With an eye on the forthcoming European Commission’s review of health and safety regulation, the professor, who carried out a wide-ranging review of health and safety in 2011, urged the UK “not to be on the sidelines”, hinting that any achievements might be overshadowed if the country’s health and safety stakeholders do not actively engage with their European counterparts.
‘Reclaiming health and safety for all: a review of progress one year on’, published today (4 February), reveals that all the recommendations made by Professor Löfstedt in his original report have either been delivered, or are on track. He admits, however, that his own advisory panel – which includes the likes of Dr Adam Marshall, from the British Chambers of Commerce; Liz Snape, from the TUC; and the former chair of the Olympic Delivery Authority, Sir John Armitt – disagrees on how some of the recommendations, notably those relating to strict liability and local-authority inspections, are being implemented.
He sought to distance himself from the controversy surrounding the reforms to RIDDOR by pointing out that most of the criticisms have been directed at Lord Young’s proposal (contained in the latter’s 2010 report, ‘Common sense, common safety’, and implemented in April last year) to extend, from three to seven days, the period before an injury in the workplace needs to be reported.

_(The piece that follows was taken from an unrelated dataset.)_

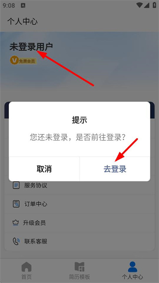 2、在个人中心页面,点击上方未登录用户,在弹出窗口点击去登录。

Said the professor: “Critics believe the proposals will reduce the level of protection offered to workers and weaken the regulation, monitoring and management of health and safety. My recommendation for RIDDOR focused on making the regulations, and associated guidance, clearer and simpler for employers to understand and comply with.”
The findings of an HSE consultation on further amendments to RIDDOR will be considered by the HSE Board this year, as will the findings of a consultation on exempting the self-employed from health and safety law, in situations where their work activities pose no potential risk of harm to others.

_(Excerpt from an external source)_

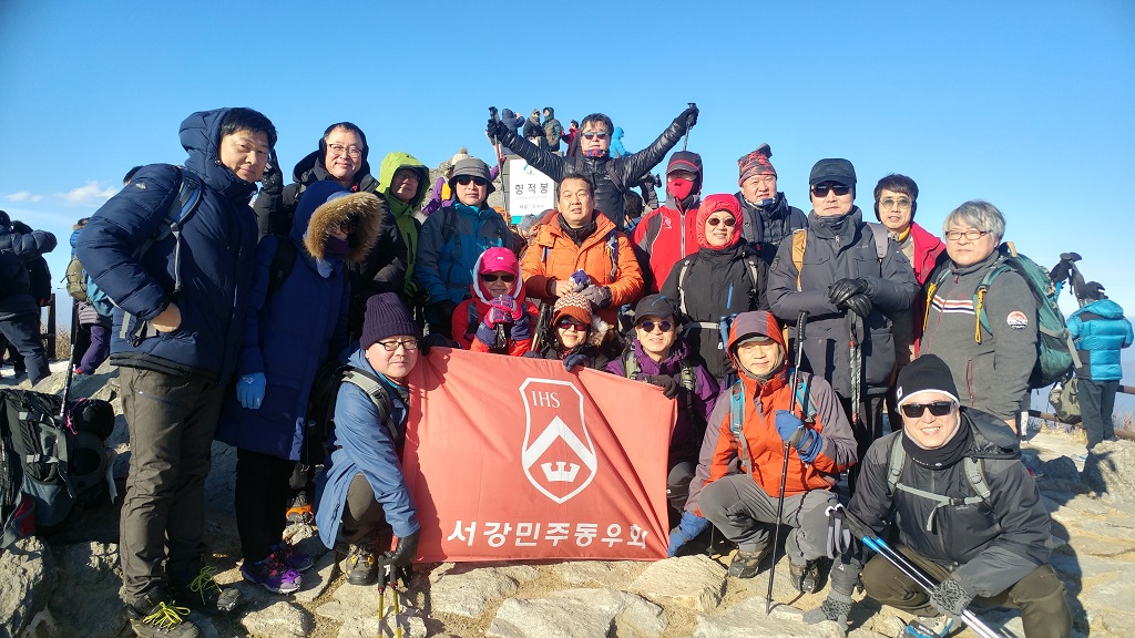 서강민주동우회 산우회는 새해 첫 산행을 덕유산으로 정해, 1월 5일 향적봉(1614m)에 올랐습니다. 시산제를 진행할 수 없을 만큼 바람이 거세게 휘몰아쳐서 현수막을 펼치고 기념사진을 찍는 것으로 대신했습니다.

Commenting on the proposal for self-employed workers, Prof Löfstedt acknowledged concerns raised by stakeholders that this might lead to exemption of the self-employed in risky occupations, such as construction. Stressing that this was never his intention, he welcomed the fact that “the consultation document focused on clarifying which categories of self-employed workers would and would not be affected by the exemption”.

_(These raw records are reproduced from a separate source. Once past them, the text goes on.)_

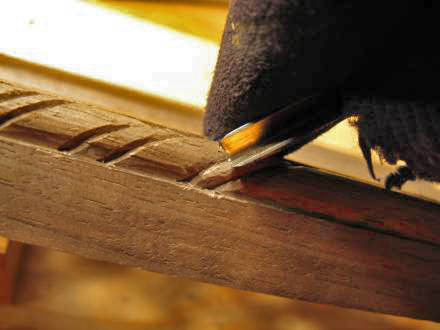 Each groove was then rounded using the V-gouge and skew chisels. When done, the grooves were cleaned up a bit with a 60 degree skew chisel. The photo below shows an edge being trimmed with the gouge, held in the ratty gloves I wore to protect against incidental cuts. The ragged finger was probably a result of the gloves' heroic self-sacrifice in a hazardous power-sanding situation.
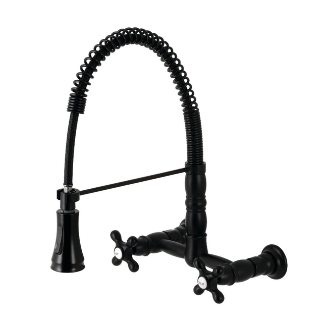 Gourmetier GS1240AX Heritage Two-Handle Wall-Mount Pull-Down Sprayer Kitchen Faucet, Matte Black
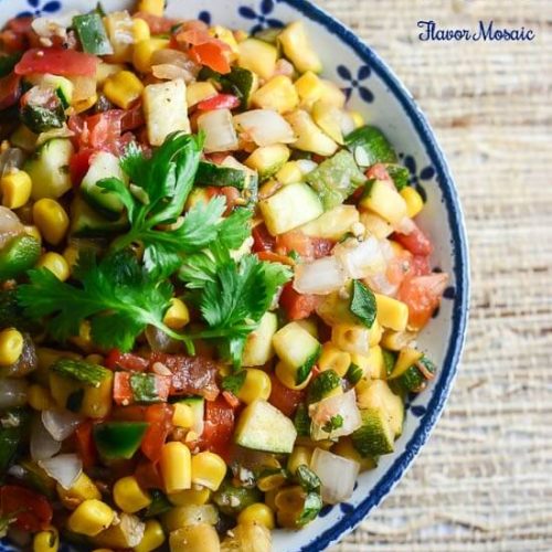 Corn and Zucchini Salsa is a perfect summer recipe to use up those tomatoes, zucchinis and corn. It is delicious on everything, especially salads, chicken, or fajita tacos.

He also expressed the need for care in relation to the revision or removal by the end of the year of 12 Approved Codes of Practice – plus a potential further three – so that “the removal of an ACoP is not incorrectly perceived as the dilution, or removal of the underpinning legal requirement”.
Noting that by April, there should be about 10 per cent fewer sets of health and safety regulations on the statute books than when he commenced his review two years ago, the professor acknowledged concerns that the revocation of the Construction (Head Protection) Regulations – the duties imposed by which are contained in more recent regulations – could increase the risk that head protection is not worn.
The HSE is planning to mitigate any such risk by targeting smaller construction firms with the message that head protection must still be provided and worn – an approach Prof Löfstedt supported.
He also points out that some of his original recommendations have not been implemented as thoroughly as he intended. For example, his proposal for the HSE to be given the authority “to direct local-authority health and safety inspection and enforcement activity” is being taken forward in the form of a National Local Authority Enforcement Code – currently undergoing consultation and due to be launched in April. He described the decision not to take forward his proposal to the letter as “unfortunate”, but agreed it is a step in the right direction to ensuring more proportionate local-authority enforcement.
Similarly, Prof Löfstedt raises doubts over how his proposal to review regulatory provisions that impose strict liability is being implemented. The Government’s plans in this area could reverse the current position on civil liability, meaning that compensation claims relating to health and safety breaches will need to prove negligence on the part of the employer.
Said the professor: “The approach being taken is more far-reaching than I anticipated in my recommendation and, if this amendment becomes law, I hope that the Government will carefully monitor the impact to ensure that there are no unforeseen consequences.”
Responding to the progress report, the Department for Work and Pensions highlighted that it is on course to review, scrap or simplify half of all health and safety legislation by next year, and pointed out that the change to RIDDOR will save businesses £5m over 10 years.
Added Employment minister Mark Hoban: “For too long, businesses have been confused by health and safety regulations, which cost them money and take up time when they should be focusing on growth. Health and safety is important, but its focus should be where risks are high.”
Meanwhile, IOSH expressed its disappointment that Prof Löfstedt had not called on the Government to rethink the speed and scale of the review implementation.
It added: “IOSH believes a number of the Löfstedt recommendations to be conceptually flawed – i.e. we believe that where there are misperceptions, it is these that need to change and not the law. We also contend that evidence for certain proposed changes is weak and supported by poor impact assessments.”